Е в л а м п и й. Читал…
М а т ь. Все до одного бережем!.. Как же — память! Прочтешь — и на душе как-то легче!
Е в л а м п и й. Мать, а кто такой Чегодаев? У меня такое впечатление, что я словно где-то слышал эту фамилию.
М а т ь. Так то ж ее командир полка. А Поярков был комиссаром полка. Он и теперь нам пишет. Как праздник какой, так обязательно пришлет поздравление. Нам ведь теперь частенько шлют письма ее однополчане.
Е в л а м п и й. Ее однополчан, значит, известили?
М а т ь. Ты об открытии памятника? Как же, послали приглашение. У нас этим делом районное начальство занимается. А вот приедет ли кто — толком никто не знает. Жизнь-то нынче суматошная, каждому до себя…
Е в л а м п и й. Да!.. Жаль Катерину.
М а т ь. Не было того дня, чтобы не вспоминала ее. Все ждала ее. Вот, думаю, вернется Катенька, моя зорька ясная, выйдет замуж, и я буду ее внучат растить да радоваться…
Е в л а м п и й. Мать, а каким образом она погибла? Вам писали ее сослуживцы?
М а т ь. А как же, писали. Их часть попала в окружение в Восточной Пруссии. Когда стало совсем худо, командир полка приказал переправить Боевое знамя в штаб армии. Но люди, которые пошли со знаменем, погибли. Когда Катя узнала, что они погибли, она вызвалась сама доставить знамя. Но тоже была убита. Ее нашли только через месяц в озере. И знамя нашли. Оно при ней было, под гимнастеркой. (Плачет.)

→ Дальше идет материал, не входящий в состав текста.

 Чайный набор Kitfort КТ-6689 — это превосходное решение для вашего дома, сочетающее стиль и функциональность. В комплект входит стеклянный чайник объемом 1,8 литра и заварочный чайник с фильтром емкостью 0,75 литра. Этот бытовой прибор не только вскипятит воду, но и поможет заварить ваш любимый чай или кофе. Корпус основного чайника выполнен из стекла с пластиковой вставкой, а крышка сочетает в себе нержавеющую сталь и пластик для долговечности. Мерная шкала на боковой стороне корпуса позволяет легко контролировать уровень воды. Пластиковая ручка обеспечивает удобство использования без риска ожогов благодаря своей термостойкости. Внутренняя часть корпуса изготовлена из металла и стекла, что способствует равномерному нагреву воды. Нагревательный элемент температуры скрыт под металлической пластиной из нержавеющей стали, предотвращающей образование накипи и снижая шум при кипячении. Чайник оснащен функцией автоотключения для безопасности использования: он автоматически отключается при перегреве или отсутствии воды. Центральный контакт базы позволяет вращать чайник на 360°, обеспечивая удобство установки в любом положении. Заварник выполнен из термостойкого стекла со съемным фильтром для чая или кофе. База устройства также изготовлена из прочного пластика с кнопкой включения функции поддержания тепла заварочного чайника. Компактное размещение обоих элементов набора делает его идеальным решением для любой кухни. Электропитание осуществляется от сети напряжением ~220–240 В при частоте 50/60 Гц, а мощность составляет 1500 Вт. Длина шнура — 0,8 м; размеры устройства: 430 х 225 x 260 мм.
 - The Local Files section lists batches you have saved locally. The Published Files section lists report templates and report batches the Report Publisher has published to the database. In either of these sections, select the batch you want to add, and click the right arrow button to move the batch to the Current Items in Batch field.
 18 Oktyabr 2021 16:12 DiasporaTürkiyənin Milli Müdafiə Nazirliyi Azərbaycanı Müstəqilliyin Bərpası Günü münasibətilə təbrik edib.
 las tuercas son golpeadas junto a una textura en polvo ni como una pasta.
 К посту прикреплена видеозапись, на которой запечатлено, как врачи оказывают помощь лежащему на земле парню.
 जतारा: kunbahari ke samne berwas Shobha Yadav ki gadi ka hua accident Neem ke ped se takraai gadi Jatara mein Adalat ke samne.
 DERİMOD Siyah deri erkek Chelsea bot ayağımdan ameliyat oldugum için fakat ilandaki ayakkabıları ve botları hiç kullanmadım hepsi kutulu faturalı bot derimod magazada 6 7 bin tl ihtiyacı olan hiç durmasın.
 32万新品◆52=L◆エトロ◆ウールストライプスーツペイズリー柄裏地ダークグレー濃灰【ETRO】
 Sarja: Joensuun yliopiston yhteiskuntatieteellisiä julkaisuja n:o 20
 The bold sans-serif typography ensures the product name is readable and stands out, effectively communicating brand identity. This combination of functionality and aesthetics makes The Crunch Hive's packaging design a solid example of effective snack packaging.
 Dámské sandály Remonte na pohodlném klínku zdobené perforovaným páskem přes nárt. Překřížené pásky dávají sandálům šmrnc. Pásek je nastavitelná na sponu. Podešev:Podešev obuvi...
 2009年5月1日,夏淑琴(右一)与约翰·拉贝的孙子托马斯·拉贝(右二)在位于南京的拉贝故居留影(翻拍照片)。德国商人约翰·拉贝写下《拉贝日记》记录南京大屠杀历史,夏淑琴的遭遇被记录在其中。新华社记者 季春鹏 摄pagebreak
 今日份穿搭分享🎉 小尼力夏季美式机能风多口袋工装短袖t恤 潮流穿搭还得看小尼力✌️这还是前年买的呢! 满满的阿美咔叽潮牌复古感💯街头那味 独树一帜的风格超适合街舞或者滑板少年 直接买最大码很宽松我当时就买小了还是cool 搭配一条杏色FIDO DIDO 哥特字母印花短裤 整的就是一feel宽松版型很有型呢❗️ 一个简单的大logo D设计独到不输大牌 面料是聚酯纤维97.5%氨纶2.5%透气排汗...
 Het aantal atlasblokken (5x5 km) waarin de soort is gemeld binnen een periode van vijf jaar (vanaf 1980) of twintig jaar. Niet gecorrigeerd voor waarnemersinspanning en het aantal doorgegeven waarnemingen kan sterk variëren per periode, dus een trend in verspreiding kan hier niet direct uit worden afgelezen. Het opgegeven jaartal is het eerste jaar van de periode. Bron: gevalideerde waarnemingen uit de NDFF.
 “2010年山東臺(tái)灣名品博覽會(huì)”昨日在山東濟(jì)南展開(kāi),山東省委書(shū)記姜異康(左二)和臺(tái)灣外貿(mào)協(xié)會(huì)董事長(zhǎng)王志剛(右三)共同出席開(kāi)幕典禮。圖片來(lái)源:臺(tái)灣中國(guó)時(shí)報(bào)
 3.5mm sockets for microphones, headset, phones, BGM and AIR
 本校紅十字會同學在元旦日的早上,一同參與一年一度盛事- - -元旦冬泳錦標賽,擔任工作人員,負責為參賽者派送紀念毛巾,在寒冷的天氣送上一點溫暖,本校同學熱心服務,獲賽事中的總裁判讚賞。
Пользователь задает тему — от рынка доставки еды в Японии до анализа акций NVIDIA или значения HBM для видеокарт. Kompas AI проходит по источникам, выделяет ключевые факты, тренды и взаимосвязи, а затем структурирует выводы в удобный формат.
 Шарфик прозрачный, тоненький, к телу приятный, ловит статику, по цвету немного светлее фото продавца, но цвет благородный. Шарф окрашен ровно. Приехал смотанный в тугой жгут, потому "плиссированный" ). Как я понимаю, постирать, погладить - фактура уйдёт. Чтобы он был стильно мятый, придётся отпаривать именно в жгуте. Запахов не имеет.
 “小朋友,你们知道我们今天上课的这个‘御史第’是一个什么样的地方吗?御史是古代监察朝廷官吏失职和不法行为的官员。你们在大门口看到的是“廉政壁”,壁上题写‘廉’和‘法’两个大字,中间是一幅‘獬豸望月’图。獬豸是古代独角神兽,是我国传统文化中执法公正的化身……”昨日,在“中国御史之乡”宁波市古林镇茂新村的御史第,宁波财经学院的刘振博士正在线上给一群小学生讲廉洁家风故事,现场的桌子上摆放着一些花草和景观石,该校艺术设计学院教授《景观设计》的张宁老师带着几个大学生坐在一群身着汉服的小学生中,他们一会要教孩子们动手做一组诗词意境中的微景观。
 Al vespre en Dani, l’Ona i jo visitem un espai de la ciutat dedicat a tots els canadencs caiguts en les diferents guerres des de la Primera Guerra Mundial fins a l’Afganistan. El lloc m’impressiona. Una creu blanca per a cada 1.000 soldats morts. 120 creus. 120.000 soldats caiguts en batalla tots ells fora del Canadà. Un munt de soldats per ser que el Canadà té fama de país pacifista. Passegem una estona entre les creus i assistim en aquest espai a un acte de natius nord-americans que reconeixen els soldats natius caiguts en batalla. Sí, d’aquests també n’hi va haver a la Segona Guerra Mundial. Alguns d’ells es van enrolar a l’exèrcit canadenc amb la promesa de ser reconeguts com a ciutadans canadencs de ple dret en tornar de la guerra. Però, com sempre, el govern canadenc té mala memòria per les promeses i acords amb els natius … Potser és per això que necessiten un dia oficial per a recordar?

Е в л а м п и й (обнимает мать). Не надо, мать!..
М а т ь. Веришь, сынок, до сих пор не верится, что нет нашей Катюши. Похоронную получили — не поверила. А потом письма стала получать от ее однополчан, и так хорошо писали про Катеньку, про ее службу, про то, как она Боевое красное знамя полка спасла, читала я их и плакала. А потом нам Указ Президиума Верховного Совета из Москвы прислали, где говорится, что она за спасение знамени удостоена звания Героя Советского Союза. А совсем недавно ее вещички прислали. Пришлось поверить, сынок. Хотя я и теперь все еще ее жду. Жду, а чего — сама не знаю. Особенно тяжко стало, когда начали с фронта возвращаться. Смотришь иной раз в окно — идут по улице веселые, счастливые, при орденах, и думаешь: вот так и наша Катя теперь бы… Мы ведь заодно и тебя похоронили. Ты только не обижайся — мы ведь за всю войну от тебя ни одной весточки не получили. Всякие мысли лезли в голову.
Е в л а м п и й. Я тоже ничего не знал о вас.
М а т ь. Ну, слава богу, хоть ты вернулся здоровым-невредимым. Тебе чего на завтрак приготовить — яичницу с салом или петушка забить, а?
Е в л а м п и й. Ничего не надо, мать! Отвари чугунок картошки — и дело с концом.
М а т ь. Чугунок картошки? А ну тебя, Евлампий, скажешь тоже! Мы хоть и не шибко богато живем, а сына приветить найдем чем. Вот смотрю я на тебя и своим глазам не верю. Живой! Знаешь, сынок, про тебя тут такой слух пустили, что страшно подумать.
Е в л а м п и й. Это какой же?
М а т ь. Вспоминать негоже! От зависти, видать, болтали.
Е в л а м п и й. Чего болтали-то?..
М а т ь. А то, что ты якобы у немцев служил.
Е в л а м п и й. Ну, и вы поверили?
М а т ь. Что ты, Евлампий! Не могли мы поверить. Слух он есть слух.
Е в л а м п и й. А что с Митяем?
М а т ь. В сорок пятом в армию взяли. Год послужил и вернулся.
Е в л а м п и й. Он приезжал к вам?
М а т ь. Один раз был с женой и сыном. Он в Колпине мастером на заводе работает. Хорошо живет! Жена врач! Ну что ж, пойду-ка я что-нибудь приготовлю. (Уходит.)